| Brief |
Go to the line holding "Willis McGahee 2023" in the entries below and write out exactly every line down to and including the line holding "Men’s Classic Leather".

| Records shown |
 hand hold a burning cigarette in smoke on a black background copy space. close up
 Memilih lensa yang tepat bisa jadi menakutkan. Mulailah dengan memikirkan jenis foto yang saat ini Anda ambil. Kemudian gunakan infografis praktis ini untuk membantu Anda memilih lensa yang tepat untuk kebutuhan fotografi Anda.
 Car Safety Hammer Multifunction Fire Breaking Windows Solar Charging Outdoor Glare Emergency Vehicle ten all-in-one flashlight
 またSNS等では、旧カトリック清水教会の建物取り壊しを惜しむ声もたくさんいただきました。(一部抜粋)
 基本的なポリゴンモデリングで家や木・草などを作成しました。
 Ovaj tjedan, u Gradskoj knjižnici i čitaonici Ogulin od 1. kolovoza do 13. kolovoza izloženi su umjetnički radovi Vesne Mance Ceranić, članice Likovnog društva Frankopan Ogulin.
* * *
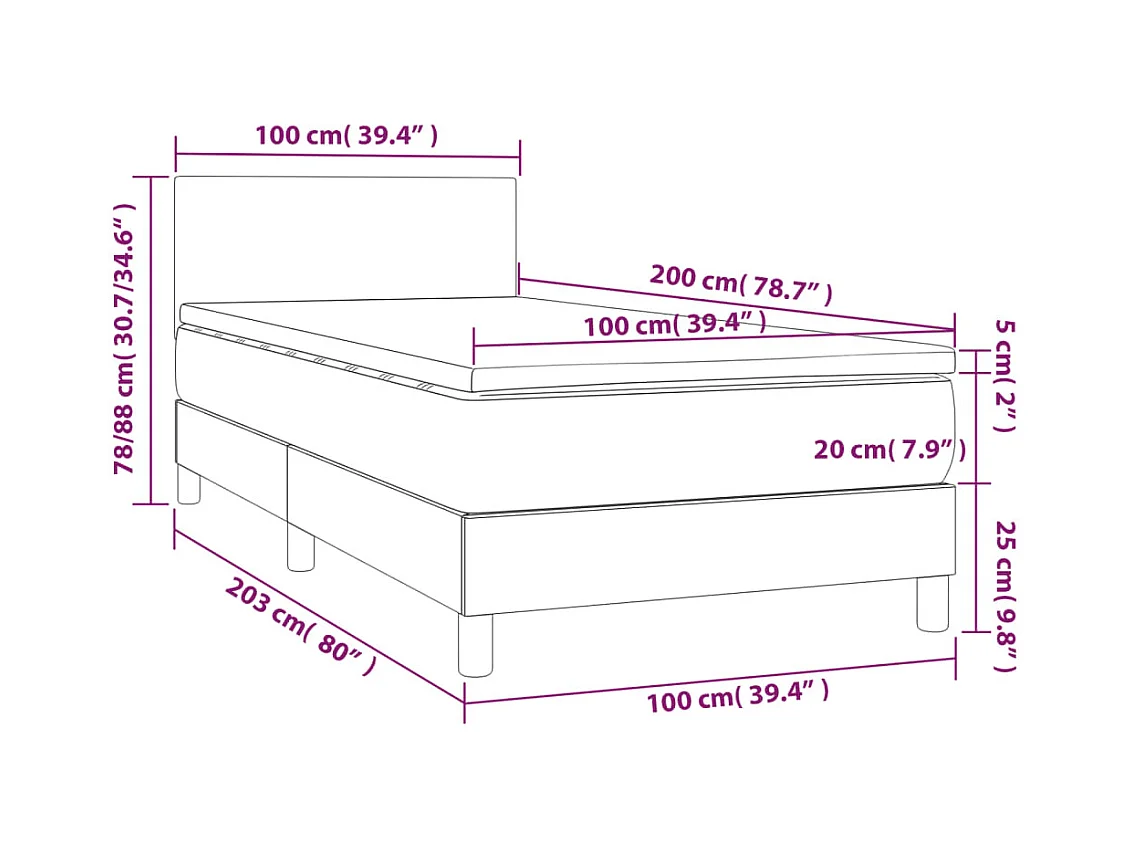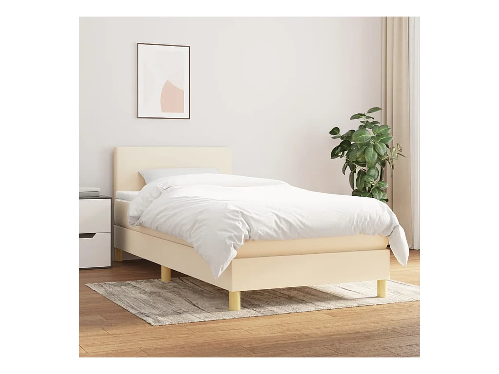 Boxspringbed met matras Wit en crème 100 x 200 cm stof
...
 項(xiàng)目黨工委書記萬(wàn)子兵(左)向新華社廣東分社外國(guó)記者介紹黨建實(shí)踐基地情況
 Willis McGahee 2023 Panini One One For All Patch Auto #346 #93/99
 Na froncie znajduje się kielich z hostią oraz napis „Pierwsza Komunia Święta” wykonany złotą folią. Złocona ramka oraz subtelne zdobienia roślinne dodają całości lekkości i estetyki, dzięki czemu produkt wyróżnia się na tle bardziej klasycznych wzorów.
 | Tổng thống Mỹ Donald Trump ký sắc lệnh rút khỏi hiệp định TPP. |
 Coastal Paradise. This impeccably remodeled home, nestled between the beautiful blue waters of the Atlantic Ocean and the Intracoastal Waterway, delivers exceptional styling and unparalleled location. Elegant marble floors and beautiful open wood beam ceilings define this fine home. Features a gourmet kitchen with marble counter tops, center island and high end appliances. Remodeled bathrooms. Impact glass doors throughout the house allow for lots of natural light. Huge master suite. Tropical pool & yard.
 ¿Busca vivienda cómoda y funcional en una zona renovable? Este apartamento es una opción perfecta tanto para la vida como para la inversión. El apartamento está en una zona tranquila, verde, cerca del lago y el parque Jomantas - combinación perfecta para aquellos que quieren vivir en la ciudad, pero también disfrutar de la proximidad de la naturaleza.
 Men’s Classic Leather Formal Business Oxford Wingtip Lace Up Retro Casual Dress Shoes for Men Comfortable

| Finished task |
 Willis McGahee 2023 Panini One One For All Patch Auto #346 #93/99
 Na froncie znajduje się kielich z hostią oraz napis „Pierwsza Komunia Święta” wykonany złotą folią. Złocona ramka oraz subtelne zdobienia roślinne dodają całości lekkości i estetyki, dzięki czemu produkt wyróżnia się na tle bardziej klasycznych wzorów.
 | Tổng thống Mỹ Donald Trump ký sắc lệnh rút khỏi hiệp định TPP. |
 Coastal Paradise. This impeccably remodeled home, nestled between the beautiful blue waters of the Atlantic Ocean and the Intracoastal Waterway, delivers exceptional styling and unparalleled location. Elegant marble floors and beautiful open wood beam ceilings define this fine home. Features a gourmet kitchen with marble counter tops, center island and high end appliances. Remodeled bathrooms. Impact glass doors throughout the house allow for lots of natural light. Huge master suite. Tropical pool & yard.
 ¿Busca vivienda cómoda y funcional en una zona renovable? Este apartamento es una opción perfecta tanto para la vida como para la inversión. El apartamento está en una zona tranquila, verde, cerca del lago y el parque Jomantas - combinación perfecta para aquellos que quieren vivir en la ciudad, pero también disfrutar de la proximidad de la naturaleza.
 Men’s Classic Leather Formal Business Oxford Wingtip Lace Up Retro Casual Dress Shoes for Men Comfortable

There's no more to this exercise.